Habitat stamp no longer required to enter state wildlife areas
Sky-Hi Daily News
Grand County, Colorado
Users of state wildlife areas such as Hot Sulphur Springs or Radium no longer have to purchase Colorado Division of Wildlife (DOW) habitat stamps to enter the areas.
“The federal government looked at it and determined that the access charge was not appropriate,” said DOW spokesman Randy Hampton.
The wildlife areas are funded in part through federal excise taxes on hunting and fishing gear, so “we couldn’t technically charge an access fee,” he said.
New legislation ushering in the change has already taken effect.
Hunters and anglers still must purchase habitat stamps with the first two licenses they acquire each year. Those buying licenses pay $5 (a maximum of $10 per year) for the required stamp(s).

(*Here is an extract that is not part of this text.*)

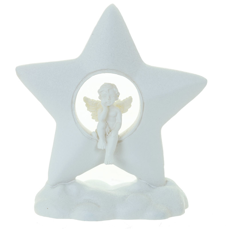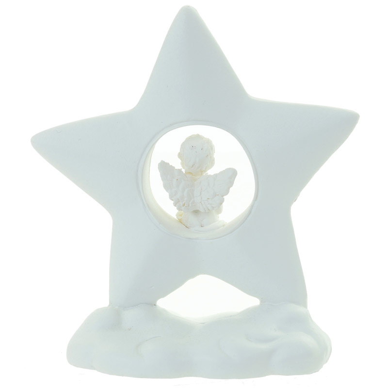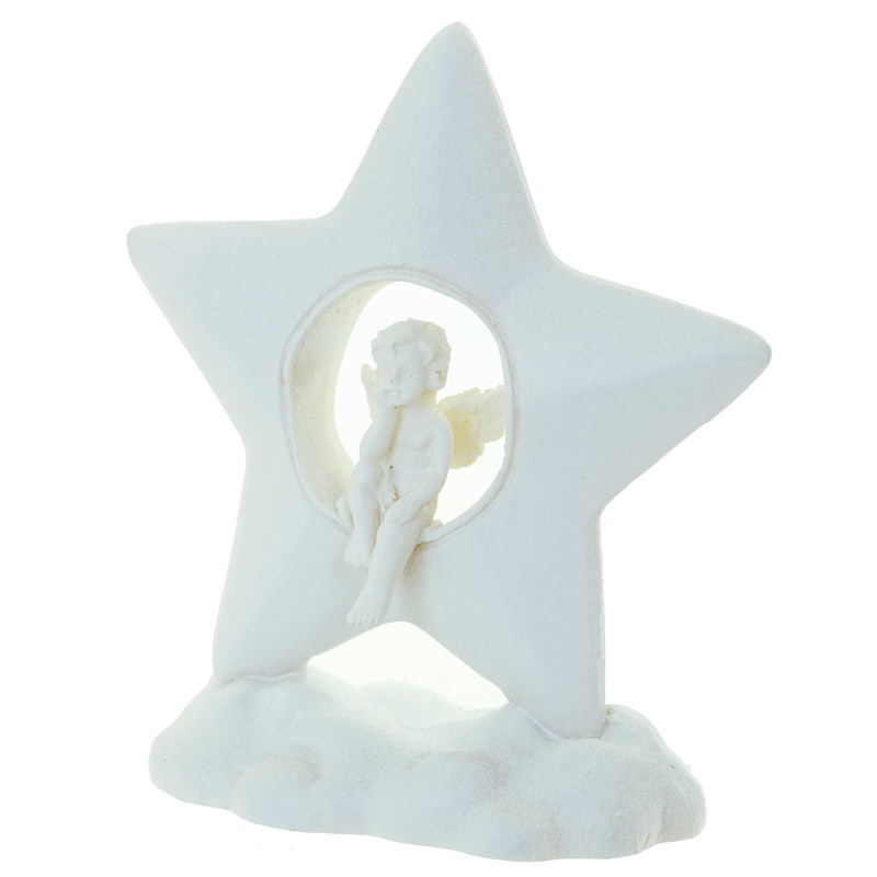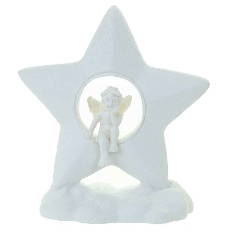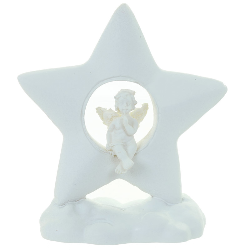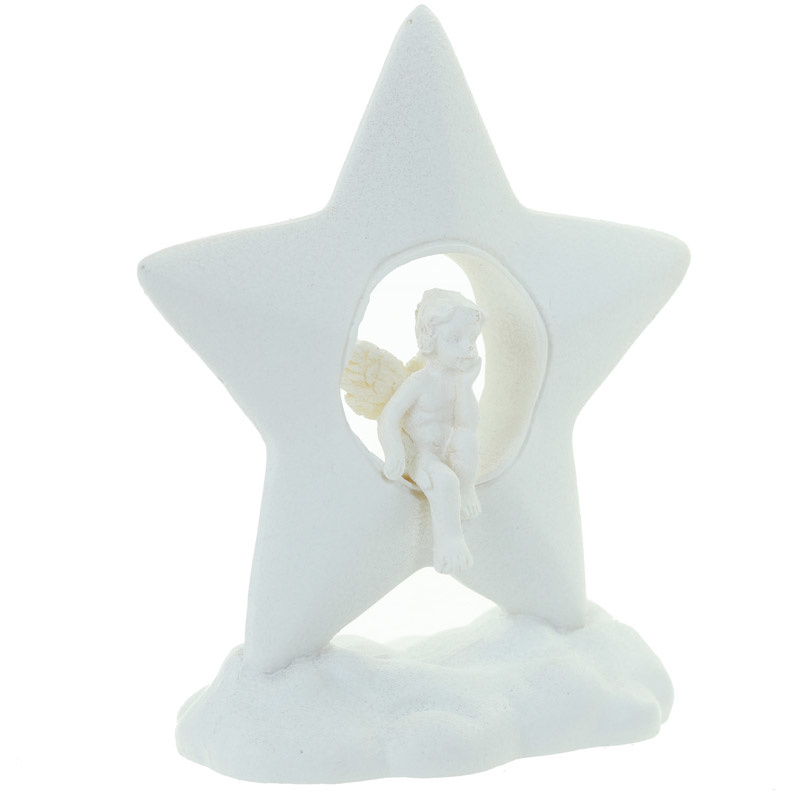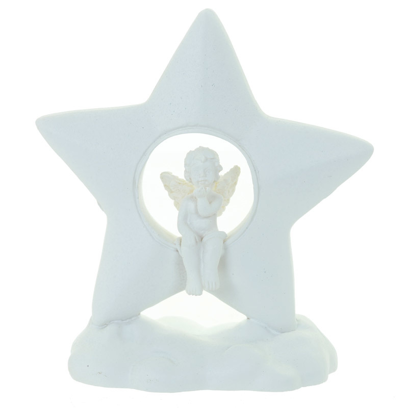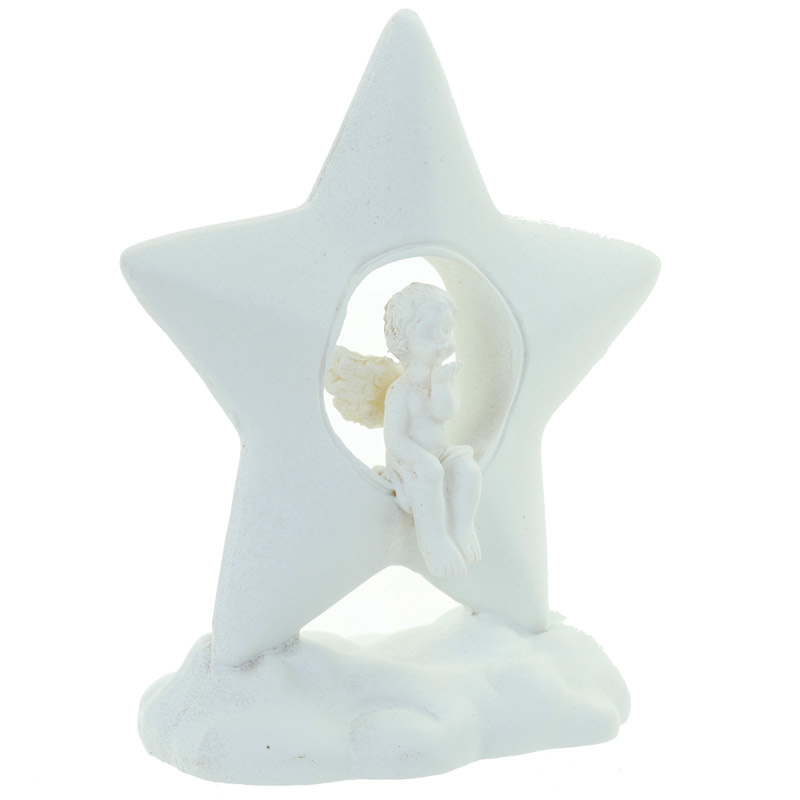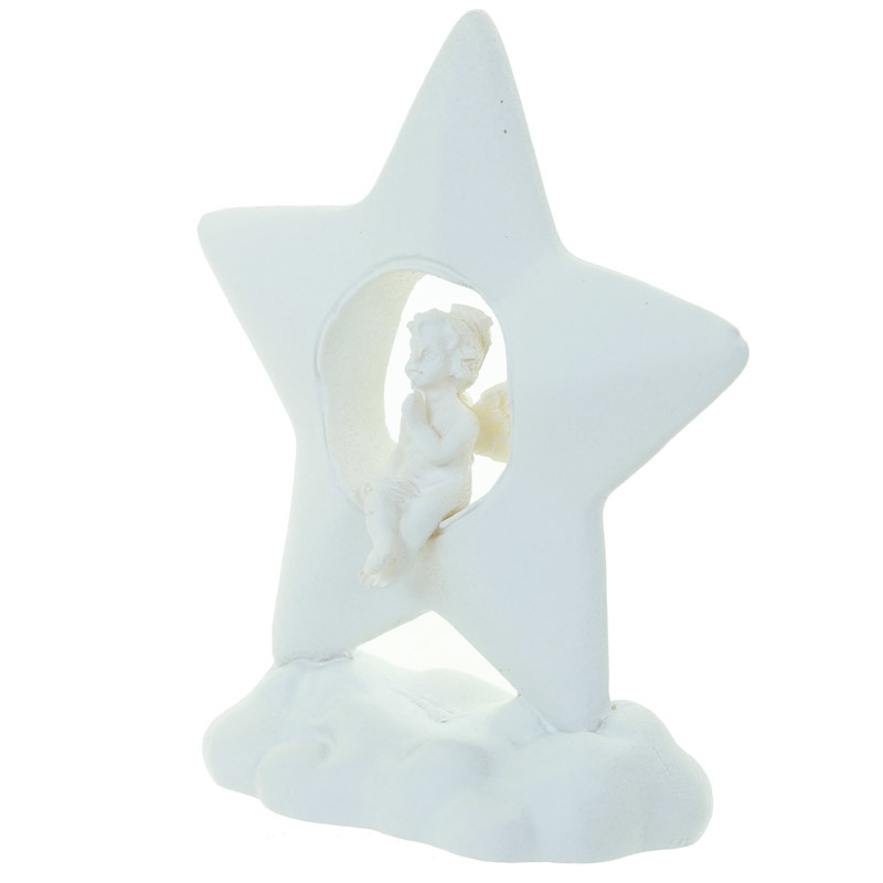 Beeld - Cherubijn zittend in een ster op een wolk - 7,5cm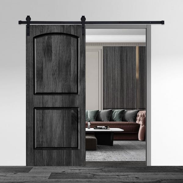 Modern 2 Panel-Roman Designed 84 in. x 30 in. Wood Panel Ebony Painted Sliding Barn Door with Hardware Kit

People who don’t hunt or fish can support wildlife by purchasing the annual habitat stamp for $10.25. A lifetime stamp is $200.25
The stand-alone annual habitat stamp ($10.25) includes the purchaser’s contribution to the Colorado search and rescue fund. The fund reimburses expenses incurred by local governments and teams during search and rescue missions. So, stamp holders who get lost won’t receive a bill for any search and rescue that may be necessary.
Proceeds from the stamps are used to protect wildlife habitat throughout Colorado.